Parfois, Young Lim vous accrochait d’une note mi-aiguë ayant la douceur d’un crochet qui vous atteint droit au cœur. Quelques secondes plus tard, le crochet se retirait et vous étiez pleinement embarqué dans le périple. C’est cette capacité d’équilibrer les émotions fortes au sein d’une mer orageuse de rythmes variables, entre l’irrévérence et le désespoir, sans jamais tomber dans le cliché, qui a permis à Young Lim de mener efficacement l’orchestre à travers la tempête, jusqu’à la sécurité des eaux calmes.

La deuxième œuvre de son épreuve finale était le Concerto en ré majeur de Johannes Brahms.
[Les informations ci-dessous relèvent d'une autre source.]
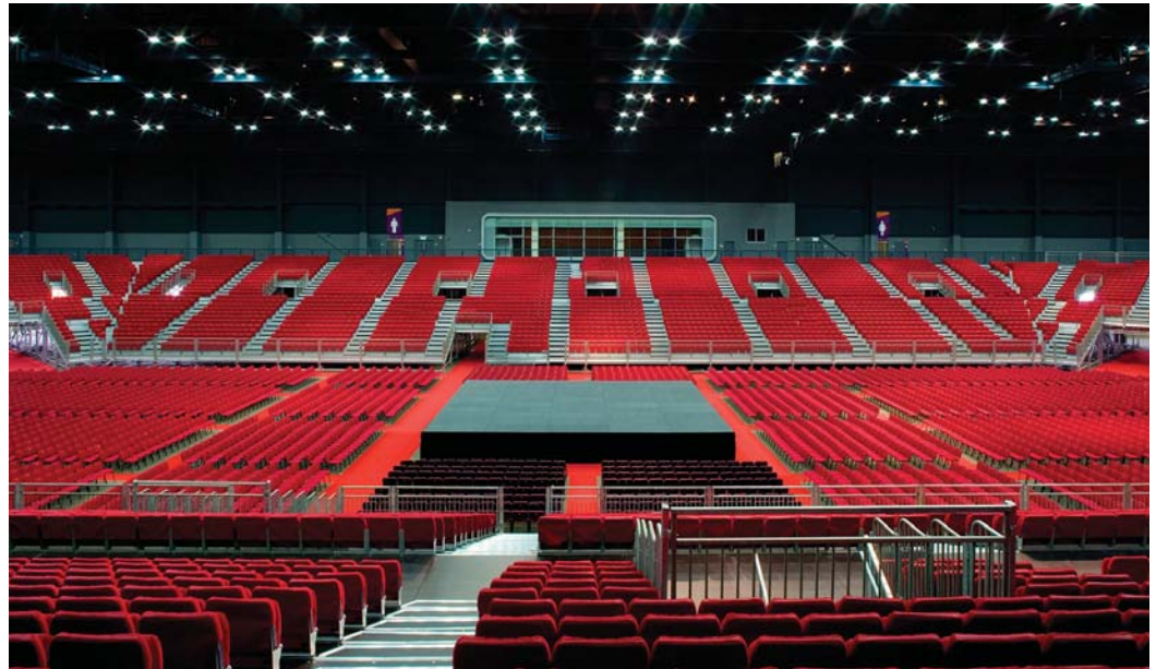
Above: The 13,500-seat arena in AsiaWorld-Expo gives some idea of the scale of the complex. Below left: Chief Executive Donald Tsang (fifth from left) leads the toast at the opening of AsiaWorld-Expo, Hong Kong's largest exhibition and events complex. Below right: The AsiaWorld-Expo complex is strategically placed adjacent to Hong Kong International Airport and has its own Mass Transit Railway station.

Comprehensive cross-border bus services also

Apprenant qu’elle avait remporté le concours, Young Lim trouvait enfin, en larmes, sourires et signes de reconnaissance, un exutoire à ses émotions, et son travail acharné était récompensé. Elle a reçu 25 000 € et le Stradivarius « Huggins » de 1708, prêté quatre ans.

La finale du Concours musical international Reine Elisabeth a eu lieu le 30 mai au Palais des Beaux-Arts de Bruxelles. L’Orchestre national de Belgique était dirigé par Marin Alsop.